Para especialistas, estímulo pode reduzir vulnerabilidade, mas terá efeito limitado na geração de empregos

Política industrial deve criar poucas vagas

FÁTIMA FERNANDES
CLAUDIA ROLLI
DA REPORTAGEM LOCAL

Os R$ 3,61 bilhões reservados pela política industrial do governo a quatro setores específicos da economia poderão estimular a modernização da produção e a redução da vulnerabilidade do país. No entanto, deverão gerar pouquíssimos empregos.
Essa é a opinião de especialistas em indústria e mercado de trabalho que analisaram as medidas anunciadas pelo governo.
No total, foram destinados R$ 15,05 bilhões para estimular a produção. Aos setores de softwares, de semicondutores, de fármacos e de bens de capital foram reservados R$ 3,61 bilhões.
A maior parte do dinheiro virá de empréstimos do BNDES (Banco Nacional de Desenvolvimento Econômico e Social).

Capital intensivo
"A política industrial anunciada se destina a aumentar a competitividade da indústria, e não a gerar emprego. Os quatro setores beneficiados são intensivos em capital, e não em mão-de-obra", afirma David Kupfer, coordenador do Grupo de Indústria e Competitividade do Instituto de Economia da UFRJ (Universidade Federal do Rio de Janeiro).
No entanto, num país com taxas recordes de desemprego -na Grande São Paulo, de cada cinco trabalhadores um está sem emprego-, os especialistas entendem que a política industrial deveria também levar em conta as indústrias mais empregadoras.
"Como o governo está perdido quando se trata de políticas de desenvolvimento, acaba anunciando medidas isoladas. Se dependermos dessa política industrial para ter mais empregos, estamos "fritos'", diz Claudio Dedecca, professor do Cesit (Centro de Estudos Sindicais e de Economia do Trabalho), da Unicamp. "Mas o país precisa também estimular setores estratégicos".
Para os especialistas, o governo não erra ao dar atenção aos setores escolhidos porque isso reduz gastos e a vulnerabilidade das contas externas do país.
O Brasil gasta por ano, por exemplo, cerca de US$ 5 bilhões com a importação de semicondutores. A indústria de remédios importa cerca de 80% dos insumos que usa. Só com a compra de coquetéis anti-Aids, o governo gasta mais de R$ 1 milhão por dia. Esses dois setores têm pressão sobre a balança comercial.
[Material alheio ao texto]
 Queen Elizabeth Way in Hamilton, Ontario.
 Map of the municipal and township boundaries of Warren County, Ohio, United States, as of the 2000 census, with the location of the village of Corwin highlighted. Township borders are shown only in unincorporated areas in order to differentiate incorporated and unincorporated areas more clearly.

Mas, segundo eles, o governo falha em não ter políticas mais agressivas para combater o desemprego. O pacote de medidas para incentivar o setor de infra-estrutura urbana, que deve absorver investimentos da ordem de US$ 20 bilhões neste ano, pode resultar em abertura de vagas. Mas os projetos ainda não foram colocados em prática.
"Não adianta disponibilizar R$ 10 milhões, R$ 20 milhões ou R$ 50 milhões, se não forem criadas condições para fazer com que esse dinheiro seja usado", afirma Artur Quaresma Filho, presidente do Sinduscon-SP (Sindicato da Indústria da Construção Civil do Estado de São Paulo). No setor de habitação, diz, os juros deveriam ser mais baixos e a população de menor poder aquisitivo deveria receber linhas de financiamento.
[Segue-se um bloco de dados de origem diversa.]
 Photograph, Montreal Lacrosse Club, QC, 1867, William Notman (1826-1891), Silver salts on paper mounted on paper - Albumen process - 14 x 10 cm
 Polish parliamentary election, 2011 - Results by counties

Mariano Laplane, professor do Neit (Núcleo de Economia Industrial e da Tecnologia), da Unicamp, diz que os setores escolhidos pelo governo "têm grande peso no déficit da balança comercial e são importantes para um país que quer ser competitivo nessas áreas". Segundo ele, esses setores criam poucos empregos, mas empregos qualificados. "A política industrial está certa, tem de dar condições competitivas ao país, mas também é necessária uma política de geração de emprego."
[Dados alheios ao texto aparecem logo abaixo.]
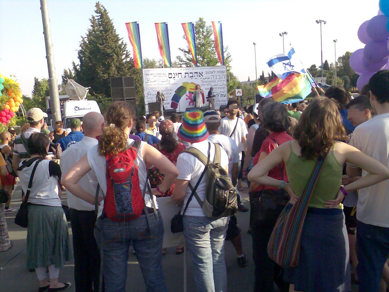 ==Description= Jerusalem pride parade 2008. Jerusalem, Israel.
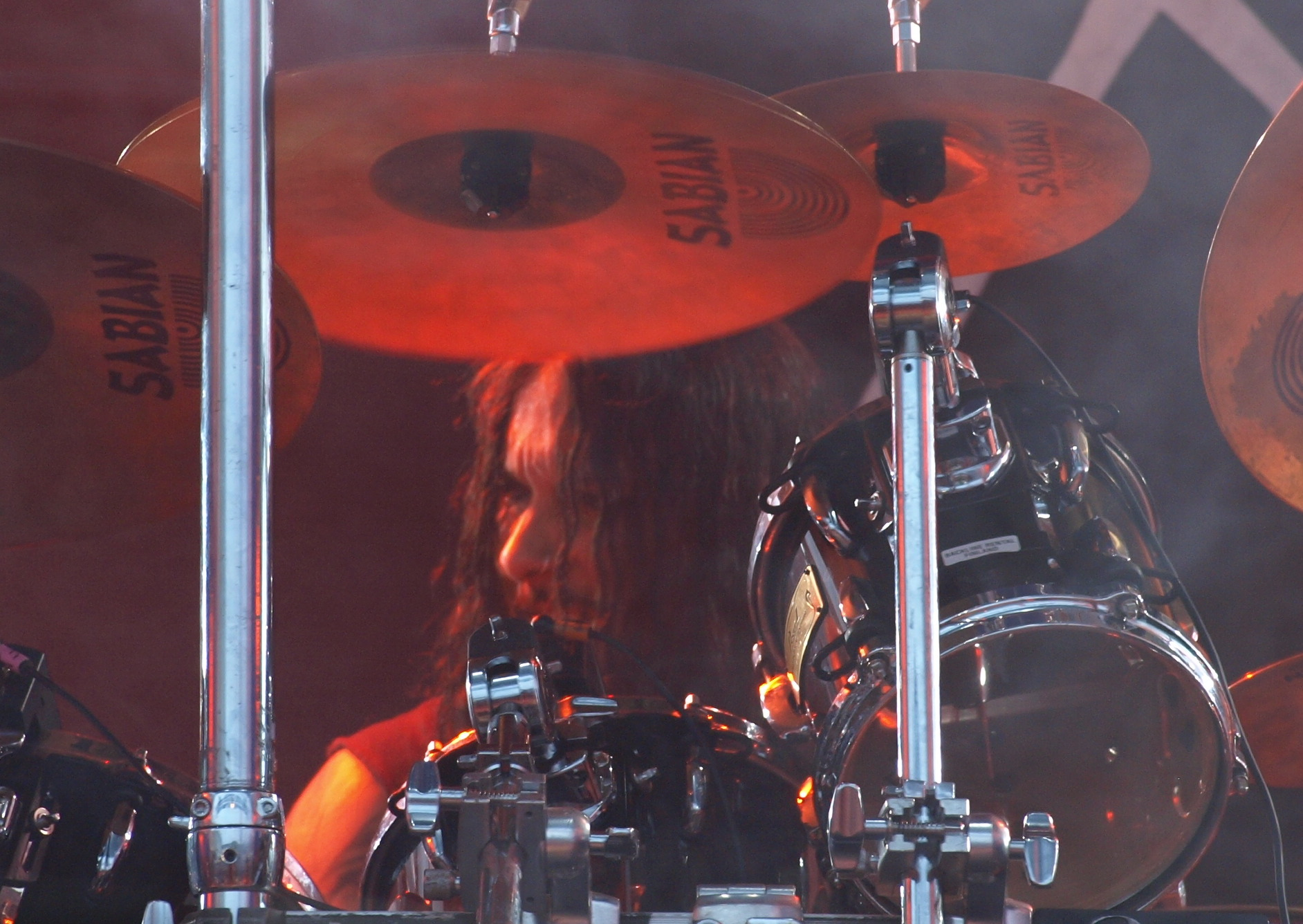 Jan Axel Blomberg from the Norwegian black metal band Mayhem live at Jalometalli 2008 in Oulu.

A Folha apurou que técnicos do BNDES se surpreenderam com a escolha pelo governo de somente quatro setores. Entendem que essas áreas são importantes e precisam de estímulo. Mas criticam o fato de o governo não ter colocado em prática, até agora, qualquer projeto para elevar o emprego num prazo mais curto. Na avaliação dos técnicos, o impacto dessa política industrial no mercado de trabalho será "pífio".
Os setores com mais potencial para criar empregos no país, segundo estudo do BNDES, são os de serviços (saúde, educação e lazer), o agropecuário, o de madeira e mobiliário, o de calçados, o de vestuário e a indústria do café. Já as indústrias de automóveis, caminhões e ônibus, de equipamentos eletrônicos, de produtos químicos e de artigos plásticos têm menor potencial para empregar.
Esse estudo considerou 41 setores da economia, a partir de dados do IBGE de 2001, atualizados em fevereiro deste ano. O banco considerou a hipótese de cada setor receber R$ 10 milhões.
Para o coordenador do Dieese (Departamento Intersindical de Estudos Sócio-Econômicos), Clemente Ganz Lúcio, os investimentos nos setores escolhidos pelo governo são importantes porque têm efeito a longo prazo na renda dos trabalhadores.
"Quando executados [os investimentos], vão ter impacto na renda, uma vez que esses setores empregam pessoas qualificadas."
Para o especialista do Dieese, a política industrial pode ser comparada ao tratamento de um doente em estado terminal.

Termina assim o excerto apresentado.